DV activates platelets via CLEC2 to enhance NET formation
To determine whether CLEC2 is responsible for DV-induced platelet activation, we incubated DV (PL046 strain) with human platelets in the presence of an antagonistic anti-CLEC2 mAb (Fig. 1a). The expression of platelet activation markers (CD62p and CD63) and EVs numbers were both upregulated by DV; this phenomenon was suppressed by the anti-CLEC2 mAb (Fig. 1a). Moreover, upregulation of CD62p was abolished in mouse CLEC2−/− platelets stimulated with DV (NGC-N strain) and aggretin (CLEC2 ligand) (Fig. 1b). This observation demonstrates the critical role of CLEC2 in DV-induced platelet activation. It has been reported that activated platelets interact with neutrophils to amplify inflammatory reactions and NET formation1,18, thus we asked whether DV-activated platelets (DV-PLTs) contribute to NET formation. While DV alone was able to induce mild NET formation, this response was enhanced dramatically in the presence of platelets (Fig. 1c). Moreover, DV-PLTs-induced NET formation was inhibited by anti-CLEC2 mAb (Fig. 1d). Furthermore, CLEC2−/− platelets were unable to enhance NET formation (Fig. 1e), even when stimulated with DV or aggretin. These observations suggest that DV stimulation of CLEC2 on platelets enhances NET formation. The structure of NETs formed in response to DV and the expression of CLEC5A and CLEC2 by platelets and neutrophils are illustrated in Supplementary Fig. 1.
CLEC5A and TLR2 are responsible for DV-PLTs-induced NET formation
Since CLEC5A has been implicated in bacteria-induced NET formation14, we asked whether CLEC5A also contributes to DV-induced and DV-PLTs-induced NET formation.
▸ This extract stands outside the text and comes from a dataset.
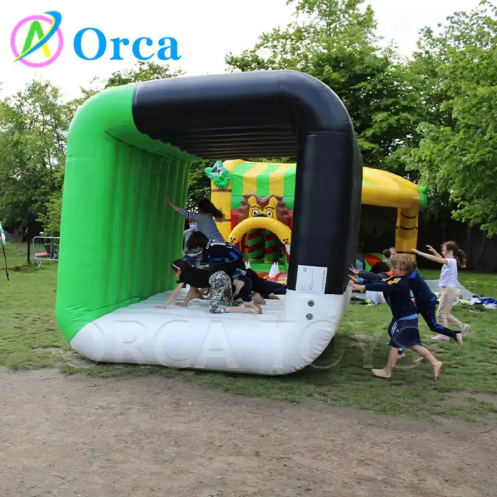 The inflatable cube is made from durable 0.6mm or 0.9mm PVC tarpaulin, ensuring it can withstand outdoor activities.

Neutrophils were incubated with DV in the presence of an anti-CLEC5A mAb for 3 h; confocal microscopy revealed that DV-induced NET formation was suppressed by anti-CLEC5A mAb in a dose-dependent manner, and was almost completely abolished at the highest concentration (300 μg/ml) of anti-CLEC5A mAb tested (Fig. 2a, left). However, DV-PLTs-induced NET formation was only partially inhibited by anti-CLEC5A mAb under the same conditions (Fig. 2a, right). This observation suggests that DV-PLTs trigger NET formation via both CLEC5A-dependent and CLEC5A-independent pathways. Previously, we demonstrated that bacteria co-activated CLEC5A and TLR2 to enhance NET formation14, thus we asked whether both receptors are involved in DV-PLTs-induced NET formation. While DV-PLTs-induced and aggretin-PLTs-induced NETs were partially inhibited by either anti-CLEC5A or anti-TLR2 mAbs, simultaneous blockade of both receptors almost completely suppressed NET formation (Fig. 2b). To further confirm the role of CLEC5A and TLR2 in NET formation, we incubated WT mouse platelets with mouse-adapted DV (NGC-N strain) in vitro for 3 h (MOI = 3), followed by addition of WT, clec5a−/−tlr2+/+, clec5a+/+tlr2−/−, and clec5a−/−tlr2−/− mouse neutrophils and observation of NET formation (Fig. 2c). While DV induced NET formation in WT and clec5a+/+tlr2−/− neutrophils, NET formation was not observed in clec5a−/−tlr2+/+ and clec5a−/−tlr2−/− neutrophils. In contrast, aggretin did not induce NET formation in any of the mouse neutrophils tested (Fig. 2c). In the presence of WT platelets, both DV-PLTs-induced and aggretin-PLTs-induced NET formation were partially inhibited in clec5a−/−tlr2+/+and clec5a+/+tlr2−/− neutrophils, and were almost completely abolished in clec5a−/−tlr2−/− neutrophils (Fig. 2c). Thus, we conclude that both DV-PLTs and aggretin-PLTs co-activate CLEC5A and TLR2 to induce NET formation.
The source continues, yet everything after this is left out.